Senator from Brazoria District
- In office November 30, 1836 – December 16, 1836
- Preceded by: Inaugural holder
- Succeeded by: William Green Hill

Secretary of State of Texas
- Acting April 29, 1836 – May 23, 1836
- Preceded by: Samuel Price Carson
- Succeeded by: William Houston Jack

Delegate to the Convention of 1836 from Brazoria District
- In office February 1, 1836 – March 17, 1836

United States Attorney for the Western District of Tennessee
- In office 1829–1835
- Preceded by: Thomas H. Fletcher
- Succeeded by: William T. Brown

Personal details
- Born: 1802 Davidson County, Tennessee, U.S.
- Died: July 11, 1838 (aged 35–36) Galveston, Republic of Texas
- Resting place: Founders Memorial Cemetery

= James Collinsworth =

American judge

James Thompson Collinsworth (1802 – July 11, 1838) was an American-born Texan lawyer and politician prominent in early history of the Republic of Texas.

==Early life==
Collinsworth was born in Davidson County, Tennessee in 1802. His father, Edward Collinsworth, served in the American Revolutionary War and the War of 1812. His sister, Susan, married Mark R. Cockrill, a large planter known as the "Wool King of the World".

==Career==
Collinsworth served as the United States Attorney for the Western District of Tennessee.
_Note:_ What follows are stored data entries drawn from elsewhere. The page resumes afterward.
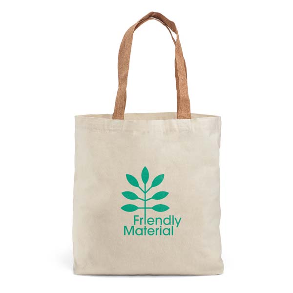 Sacola 100% algodão (180 g/m²) com alças de 60 cm em cortiça e com bolso interior.
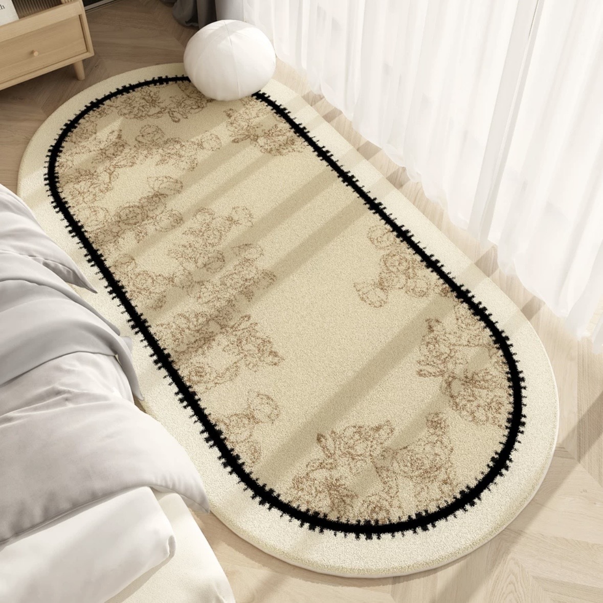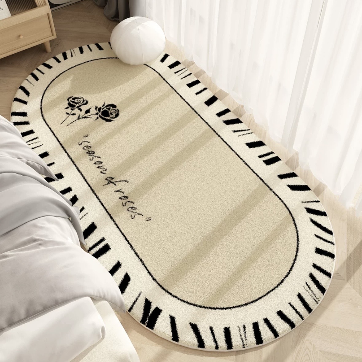 Light luxury high-grade plush carpet bedroom bedside blanket rose Oval blanket machine washable household carpet non-slip mat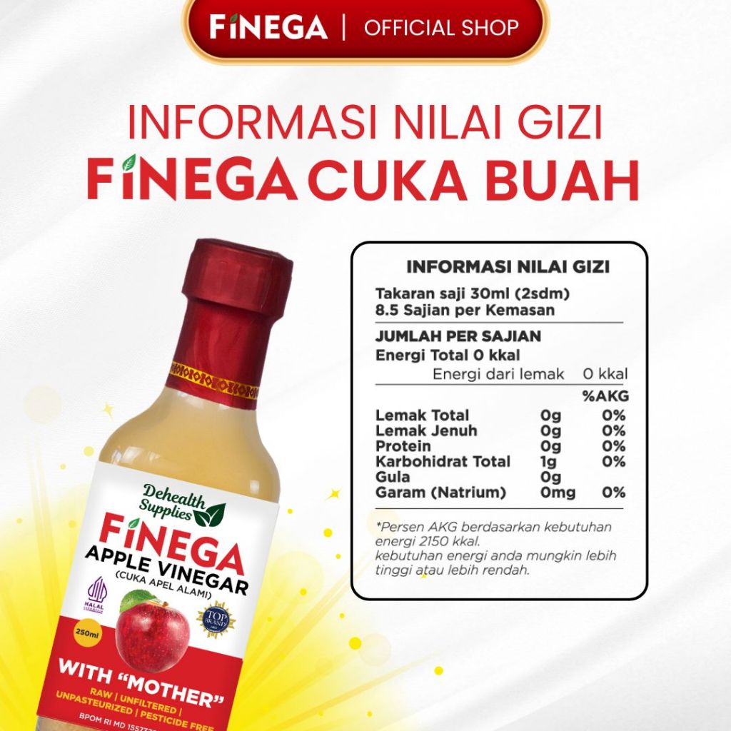 Dehealth Supplies FINEGA CUKA APEL 250ml ( Botol kaca)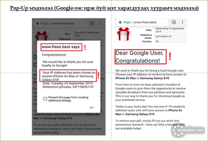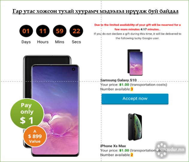 Саяхны нэгэн өдөр танил маань Samsung Galaxy S10 гар утас интернэтээр хожсоноо ихэд сайрхан ярьсан бөгөөд “Google” компаниас түүнийг азтанаар шалгаруулж, ийм сайхан боломж олгосон гэв. Чамлахааргүй өндөр үнэтэй гар утас хожсонд нь би ч битүүхэн атаархаж суулаа. Цахимаар ирдэг хуурамч и-мэйл, pop-up мэдээллийг залилангийн шинжтэй гэж мэддэг хэдий ч энэ удаагийнх хонины арьс нөмөрсөн чоно гэдэг шиг маш үнэмшилтэй байсан төдийгүй цөөхөн үлдсэн боломжийг амжиж шүүрэхгүй л бол харамсаад барахгүй мэт мэдрэмж төрүүлэх аж.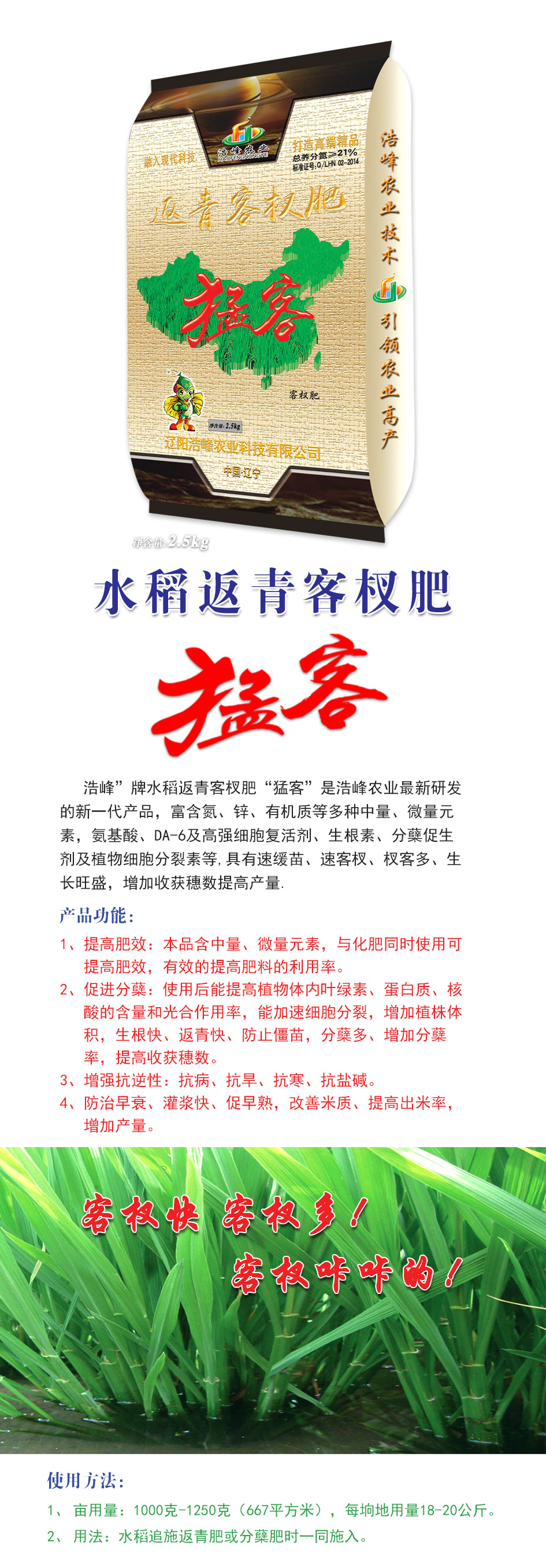 浩峰”牌水稻返青客杈肥“猛客”是浩峰農(nóng)業(yè)最新研發(fā)的新一代產(chǎn)品,富含氮、鋅、有機(jī)質(zhì)等多種中量、微量元素,氨基酸、DA-6及高強(qiáng)細(xì)胞復(fù)活劑、生根素、分蘗促生劑及植物細(xì)胞分裂素等,具有速緩苗、速客杈、杈客多、生長(zhǎng)旺盛,增加收獲穗數(shù)提高產(chǎn)量。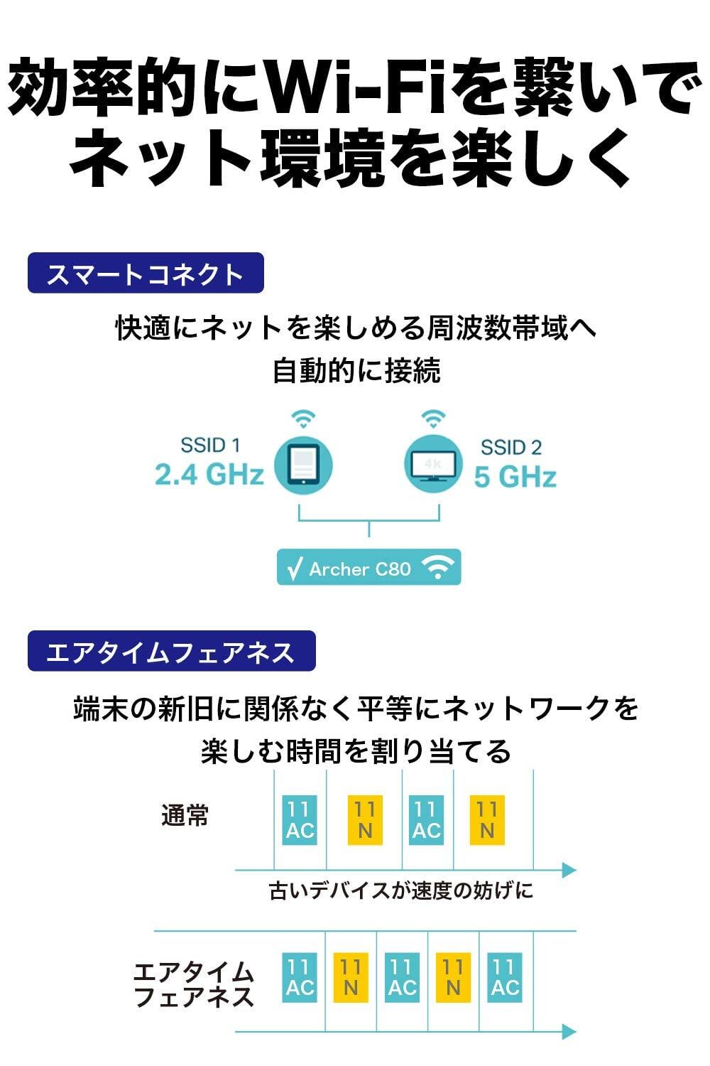 TP-Link WiFi ルーター 無線ルーター 1300+600Mbps EasyMesh MU-MIMO ビームフォーミング対応 メーカー3年 WiFi5 AC1900 Archer C80/A
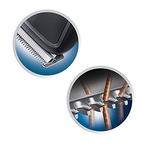 Il rasoio Remington HC5700 è un prodotto di qualità che si posiziona nella fascia media del settore. E’ dotato di una lama tagliente e affilata in titanio. Questo materiale permette infatti al dispositivo di poter essere longevo e di fornire rasature di qualità. Inoltre è resistente allo scorrere del tempo, alle botte o cadute e all’azione degli agenti esterni che possono danneggiare il rasoio oltremodo. Ha un design moderno e delle linee che permettono di sfruttarlo al meglio. Ha una forma allungata e rettangolare e sul lato della lama è leggermente incurvato per permettere una migliore presa. In questo modo infatti lo si potrà maneggiare al meglio delle possibilità ed in ogni situazioni, anche quando si andranno a svolgere operazioni di precisione. Una delle caratteristiche principali del tagliacapelli Remington HC5700 è la possibilità di poterlo utilizzare anche senza cavo. Grazie alla batteria al litio integrata, infatti, può garantire le stesse prestazioni di qualità anche fuori casa.Ciò lo qualifica anche come possibile dispositivo da viaggio grazie ai settantacinque minuti di autonomia che permettono di eseguire cinque o sei rasature senza doverlo ricaricare. E’ inoltre dotato di diversi pettini regolabili che offrono viaria scelta e precisione in fase di rasatura, ampliando ulteriormente le funzionalità.

Collinsworth served as a signer of the Texas Declaration of Independence, the first chief justice of the Supreme Court of the Republic of Texas, and as the acting Secretary of State of Texas.

Collinsworth was a candidate during the 1838 Republic of Texas presidential election against Mirabeau B. Lamar.

==Death and legacy==
On July 11, 1838, just days after his Presidential Campaign was reported, Collinsworth drowned after falling from a steamboat into Galveston Bay. It is usually suspected that he committed suicide. His body was found on Bolivar Peninsula and taken by boat upstream along Buffalo Bayou to Houston, where he lay in state at the Texas Capitol. He was interred at Founders Memorial Cemetery in Houston.

Collingsworth County, Texas and Collingsworth Street in Houston, were both posthumously named in his honor, even though both were misspelled.